WHAT IS REQUIRED —
Below are entries; work out how many of their lines hold "Леонтий", giving only that number.

AVAILABLE DATA —
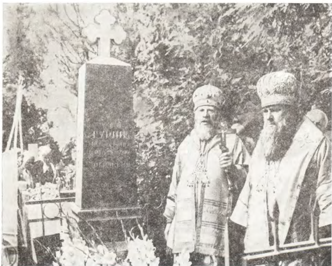
12 июля 1979 года. Митрополит Ярославский и Ростовский Иоанн и архиепископ Симферопольский и Крымский Леонтий у могилы митрополита Гурия в ограде Всехсвятского храма в г. Симферополе

В конце богослужения митрополит Иоанн и архиепископ Леонтий обменялись словами при-
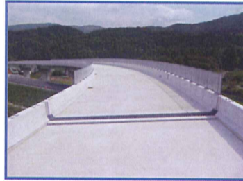
[工事起点側から望む]
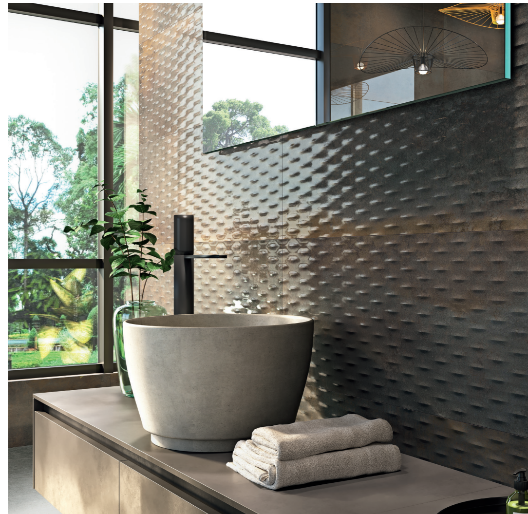
METEORIS GRAPHITE RECT. 35X100 / INDUSTRIAL GRAPHITE RECT. 35X100
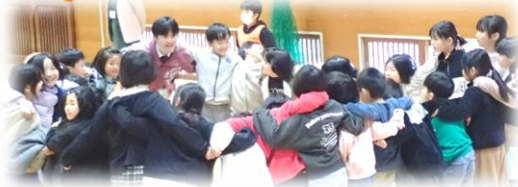
クラスみんなでドキドキドッジビー大会 ～目的～

子どもたちが自分たちの学校をもっとよりよくするために、様々な活動に取り組んでいます。

WRITTEN SOLUTION —
2